Occupy
An apartment in a quiet area, large enough, bright, comfortable. Spaces suited to a serene family life, rationally assigned to their functions, in a simple way without redundancies, a place for everything and everything in its place. Three children, two teenagers and one aged 9. As its inhabitants grow, the house gradually adapts. The spaces are first optimized, then expanded. Under-used places become more and more used, new furnishings arrive, more places for new things, a place for every new thing. At first the house seems like the one from before, only more lived-in, more alive. But then small transformations appear, at first imperceptible, banal disturbances of order due to the daily activity of the house’s new inhabitants. At a first distracted glance it might seem like just a bit of disorder caused by some object out of place. Little by little the small transformations become ever more present, ever more unexpected, ever more invasive. You delude yourself that nothing has changed yet, it is only a matter of time, there is not always the time to put everything back in place. But no. An eye external to the daily life of the house perceives them at once. They are small signs, but they are clearly the signals of a genuine alien invasion. An invasion that spares no place and no room, made up of many, very many small elements scattered untidily here and there in every wardrobe, drawer, wall, floor. There is no longer a place for everything, and everything, as if in reaction, seeks a new place. The objects seem endowed with their own aesthetic sense, but a surreal aesthetic, that overturns the function you had planned for the spaces. When you least expect it, and almost always evoked by the arrival of some guest, there appears a toy in the cutlery drawer, a shoe under the sideboard, a sticker among the sofa cushions. The rows of stemmed glasses lined up in the cabinet suddenly become rows of trees lining the road ideally travelled by a toy car. The coarse salt fallen on the pantry becomes a mountain trench to climb and conquer. Beside the living-room windows, toy planes whizz by, cleaving the skies above the sofas now turned into elastic trampolines for circus games. Behind the doors, Indian sentinels may hide, and through the door frames one glimpses the rifle barrels of lurking snipers.

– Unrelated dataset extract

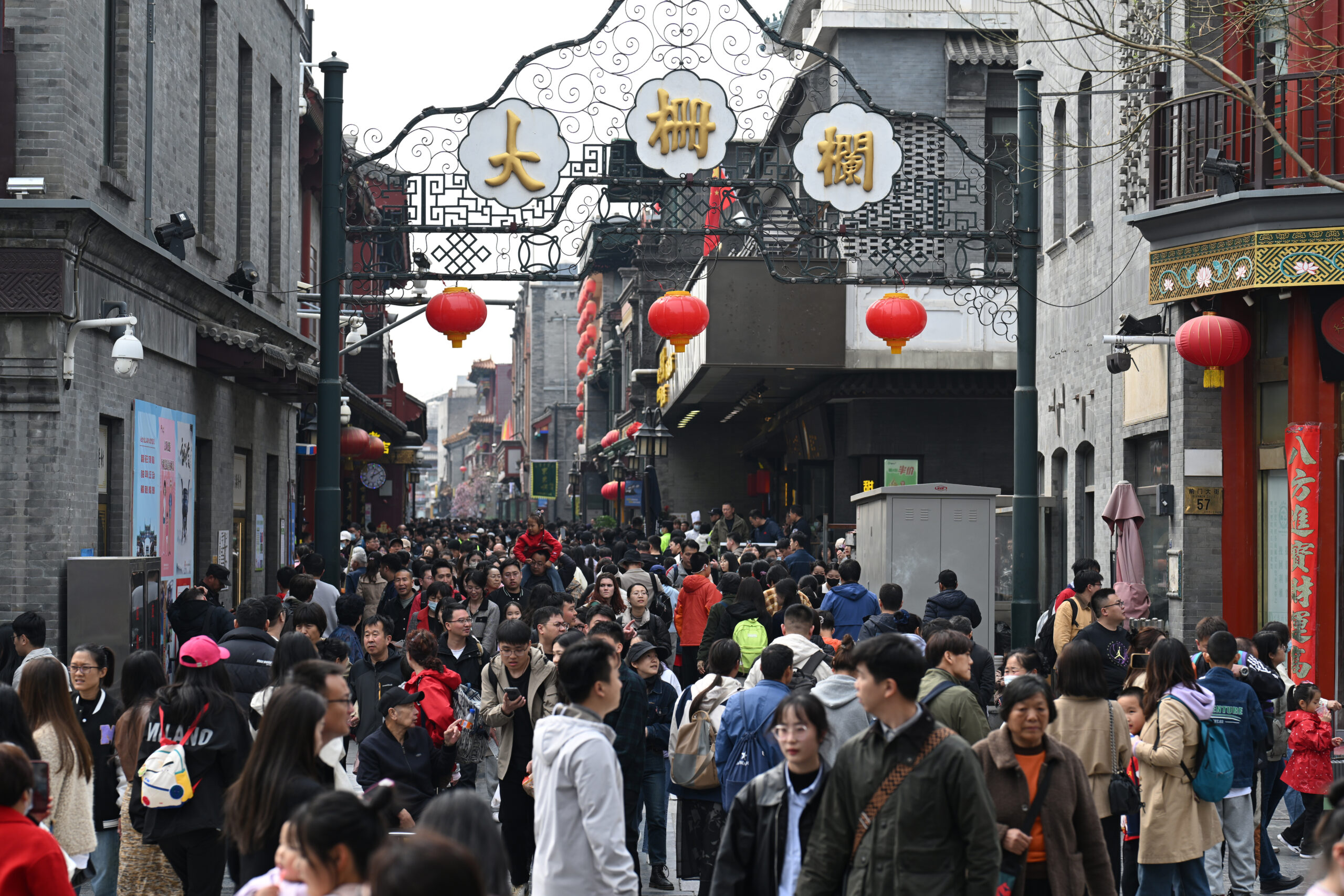 4月4日,游客在前门步行街游览。当日是清明假期第一天,北京前门步行街、故宫博物院、什刹海等旅游景区游...

The inhabitants of the house do not really take much notice, but an external and impartial eye like that of the camera sees the invasion perfectly well.
The "Occupy" project was selected and exhibited on 5 March 2016 at the Ex-Dogana di San Lorenzo for the "Female in March" evening, organized by Officine Fotografiche and Obbiettivo Donna. It was among the projects selected in 2016 within the "Women photographers exhibition" of LuganoPhotodays 2016.